Orham

The Black Gate, the Gateway to the Aendrils, or the City of Sin

Orham, called the Black Gate, the Gateway to the Aendrils, or the City of Sin, has a population of 7,500 and it serves as the home for many outcasts, hybrid humans, and those who fled from crimes elsewhere. The locals don’t ask questions, and money speaks.    Orham was founded in 1222, and they have not attained a charter yet (a fact that rankles the local elite). Its crest is three interlocked anullets, or, on a field of three bendlets, argent and azure. Orham is situated in the County of Gwyfned, the Kingdom of Gwyfned, in the High Kingdom of Myddum, on the shared Gwyfned/Kaldur border.    It sits at the base of the Aendril Mountain’s foothills, and it is girded by agricultural land to the east. Orham is connected by the Brighton Pass/Street to Embricht and Ygarl to the east, and Gwyfned to the west.    Orham was built rapidly by the lowest bidders, so it always looks a little dilapidated and frayed at the edges. It sprung up haphazardly as a trading stop, so it has many warehouses, horse yards and inns. The town has no castle, but developed around St. Claeredon’s Fortified Church. The town is defended by a short wall, about 13’ tall in its first course, but it has sat unfinished for years without being raised to a defensible height. Furthermore, locals have robbed out some of this wall for their own use, leaving indefensible gaps.    There is a smaller, daily market in town where the locals purchase their essential needs, and there is a large, weekly market that is held outside the city gates for horses, livestock and serious trading.   

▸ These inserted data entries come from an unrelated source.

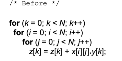 - Multi loop code that accessing a matrix in strides of row in the inner loop. Better locality can be achieved by row column order, by sequential access through columns in inner loop or sequential access in memory.
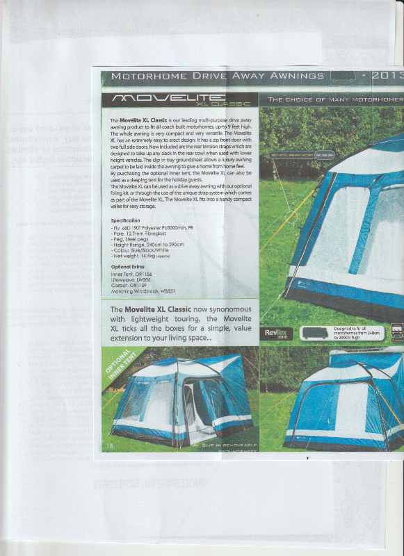 The Movelite can stand alone to show occupancyof the site and when you return it attaches to the awning rail on the side of your motorhome using Figure 8 joining strip included. The Awning is complete with groundsheet and all accessories. it has only been used for one trip accommodating two extra guests. It is in as new condition. Buyer to inspect and collect.
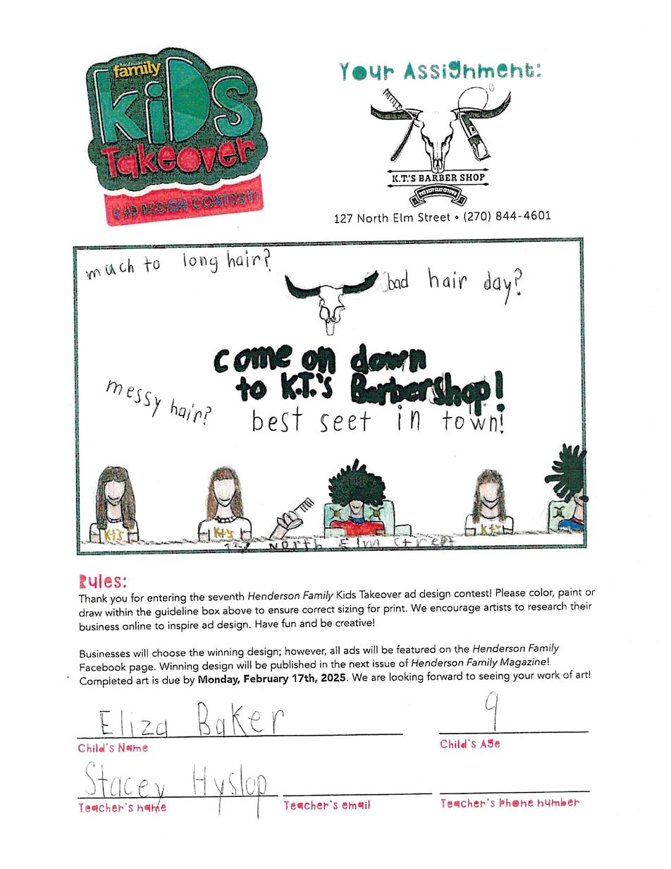 The seventh annual Kids Takeover Ad Design contest was a huge success! Kids from across the city and county completed the ad templates for their chance to win. Each business judged the entries and chose the winners. Thank you to all of the kids who entered the contest and for all of the businesses that participated:
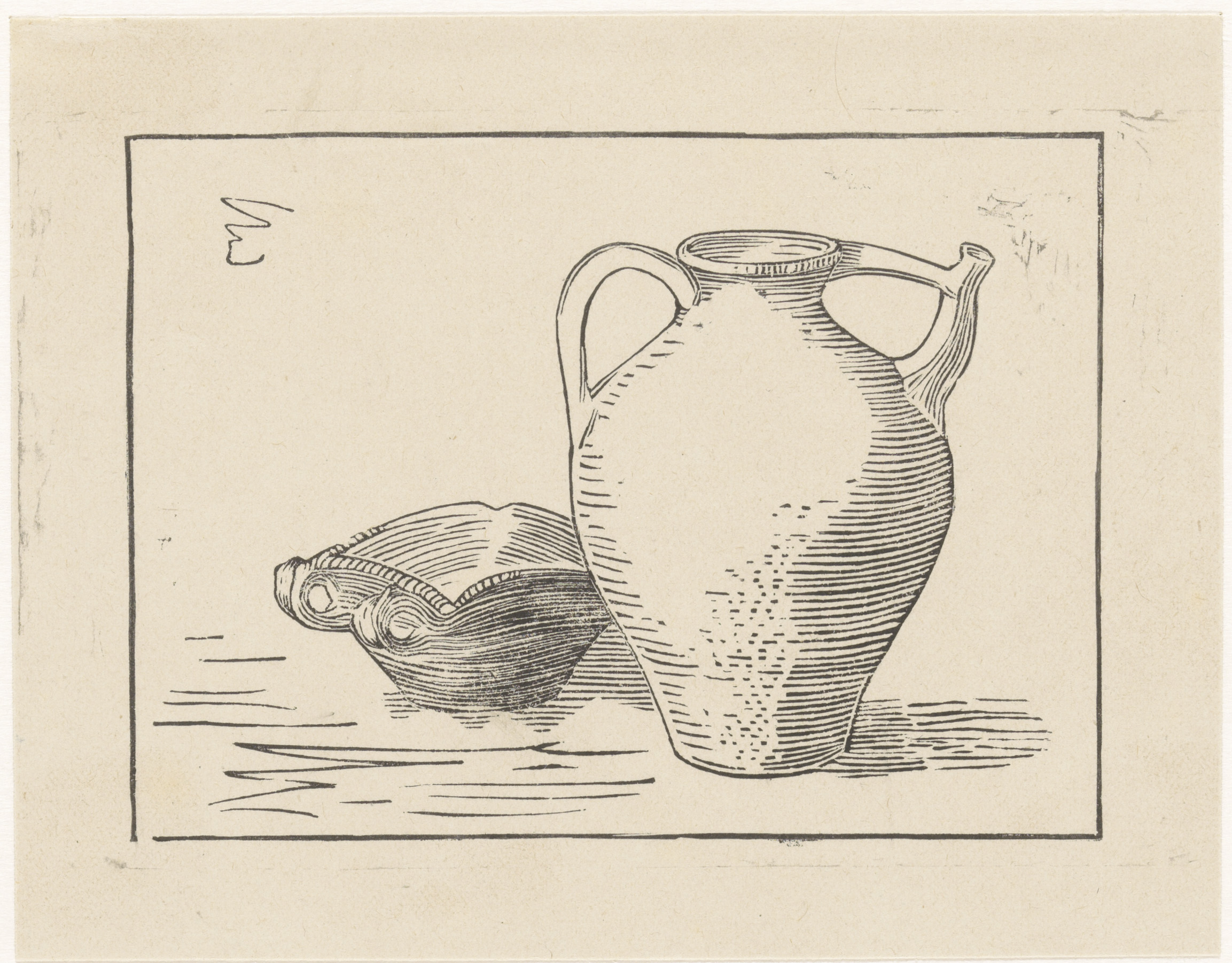 Stilleven met kruik en knoflook
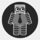 This cute and smart geek robot illustration features a fun robot with grey and black striped legs and arms, thick rimmed black glasses and a stylish tie! This black and white cartoon robot artwork is the perfect gift to buy for robot lovers and anyone who loves original graphic art!
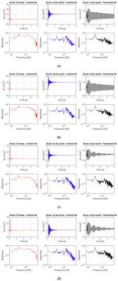 The diagrams in Figure 5 present the results of a joint time-frequency analysis [22] of the absolute motion of the loading mass in terms of acceleration. The exclusive motion of the mass results through elimination of the parasitic motions, recorded on the upper hanging device, from the signal directly acquired at the loading point (see Figure 1). The absolute acceleration of the mass, as a function of time, is presented in Figure 6, together with its spectral composition. Obviously, the diagrams in Figure 6 are related to each testing situation. The essential magnitudes were evaluated and red circles were marked on the spectral diagrams in order to identify the minimum set of eigenfrequencies in the system evolution. The evaluation of these points was performed with the help of a computational routine which identifies the peaks within the signal [22] that simultaneously satisfy the following conditions: Minimum height raised above 10% of maximum magnitude and prominence greater than 0.03 (value adopted based on the initial analysis of all signals spectra). The procedure only takes into account the first five peaks, because the analysis of high frequency range does not meet the purposes of this research. These aspects have to be mentioned because of the various numbers of marked peaks on the spectra graphs in Figure 6.

The local church of St. Claeredon’s is known for the Miracle of the Three Holy Blades as witnessed by Br. Chester FitzKing in 1223. St. This edifice is a well-built, battle-scarred edifice that is fortified. Many business dealing take place in the churchyard, so full-on faction battles have taken place here repeatedly, and the priests are used to barring the doors, dropping the portcullis, and manning the walls. The local deacon sells all manner of dispensations and pardons at below market value.    An Ordinarite satellite monastery in town runs a large brothel, one friary is a den of gambling and card-playing, and in another the friars dress in high fashion, have forgone tonsures, and have grown fat on plentiful rich food and the wine they press. Claeredon the Well-Advised is the local saint.    There are two cemeteries attached to St. Claeredon’s church. The older of the two is fenced, gated off and abandoned. There is a revenant within that rises at night to capture interlopers to help fill his cemetery grounds out with fresh corpses. The new graveyard is normal in all regards.    Orham’s officials and guards are corrupt, and in terms of the legal system, this town is a liminal place full of beggars, scam artists and masterless men. If you choose to live here, you have to be tough, well-connected locally, and be willing to take justice into your own hands. Orham’s most recent literary star is Si. Simone Webston, author of The Citadel of Vain Maidens.